The Wilderness Medical Society provides guidelines on the rate of ascent that mitigates the risk of acute altitude illness in healthy trekkers, recommending at least 48 hours to ascend 2,750 m and then no more than 500 m every 24 hours (122). With safety as the highest priority, the decrease in ambient oxygen should occur more gradually in patients. Once the maximal safe dose of hypoxia is established in a patient population, it can be tested on a relevant biomarker of disease (Phase 2) and then in a pivotal study assessing actual clinical outcomes (Phase 3). Particularly for rare diseases, it is increasingly common to have a single trial that combines two or more phases (for example, Phase1/2 or Phase 2/3). This trial design could be particularly attractive for CCH as it enables patients who are benefitting from CCH to move seamlessly into the next phase of a trial without interruption. The risks in patients of reverting to normoxia after sustained CCH are unknown, and there is an ethical obligation to ensure continued access to a therapy that has benefited an individual patient. Accordingly, when initiating clinical trials of CCH, accommodations must be made for the option of sustained residence at high-altitude after the clinical trial (at least until such time that fully oxygen-conditioned homes at sea level are a reality). Ensuring continued access to treatments from which a trial participant has benefitted is a common practice in clinical development, especially for rare diseases, where the cost of medications can be very high.

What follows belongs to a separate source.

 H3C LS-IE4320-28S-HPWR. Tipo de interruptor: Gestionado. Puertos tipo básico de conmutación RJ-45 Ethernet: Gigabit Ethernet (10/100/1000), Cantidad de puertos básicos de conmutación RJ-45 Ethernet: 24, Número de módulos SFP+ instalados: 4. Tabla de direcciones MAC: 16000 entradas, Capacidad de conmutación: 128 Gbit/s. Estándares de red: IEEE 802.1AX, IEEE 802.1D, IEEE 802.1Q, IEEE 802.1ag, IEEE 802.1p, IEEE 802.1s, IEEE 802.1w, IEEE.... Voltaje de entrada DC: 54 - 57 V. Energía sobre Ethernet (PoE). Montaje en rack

The duration of later-phase trials will depend on the natural history of the disease in question. For genetic mitochondrial diseases, mouse studies predict that objective measures of neurological performance could improve in weeks (6, 10). Moreover, T2-intense MRI lesions in these mouse models disappear after several weeks of hypoxia therapy (6, 7), and there is growing appreciation that these lesions can be reversible in humans (123). Hence it is conceivable that benefits of CCH could be observed within a few weeks. However, we should be prepared to conduct clinical trials that last longer than this, as the time to potential effect in humans remains unknown. In the pivotal trial of omaveloxolone for FA that led to its approval, patients were treated for 48 weeks (120). Because remaining in an enclosed environment for an extended period is unappealing, we believe that for trials longer than 2 weeks moving to altitude may offer an appealing alternative as patients can resume some of their usual daily activities.

OUTLOOK

We are currently within the first decade of CCH research, and a growing body of preclinical studies are delineating both rare and common diseases that can benefit. As efforts are made to usher CCH into the clinic, we can expect to discover more unanticipated facets of oxygen biology. We are optimistic that new technologies for delivering hypoxia and measuring tissue oxygen tension will be developed and will have widespread uses in clinical medicine. If CCH is proven safe and efficacious for any disease, this will facilitate its development for other diseases. Further challenges will arise in providing for lifelong maintenance of CCH in patients’ native locations, which will require the refinement of hypoxic tent technology, the miniaturization of portable devices, and creative adaptations of existing technologies to support other modalities. Still, it would represent great progress if overcoming these pragmatic challenges were what stood in the way of effective treatment for many devastating conditions for which CCH has shown preclinical promise. The first TB sanatorium at high altitude was founded in 1889 (124), whereas it was not until the 1940s that the first effective antibiotic for TB was manufactured (125). Although the rapid pace of new therapeutic development for rare disease makes us hopeful that we need not wait a comparably long period for effective pharmacologic or gene therapy for genetic mitochondrial disease, CCH could be an important bridge until the time when such therapies are available. We should investigate this possibility while maintaining the highest standards of rigor for safety and efficacy.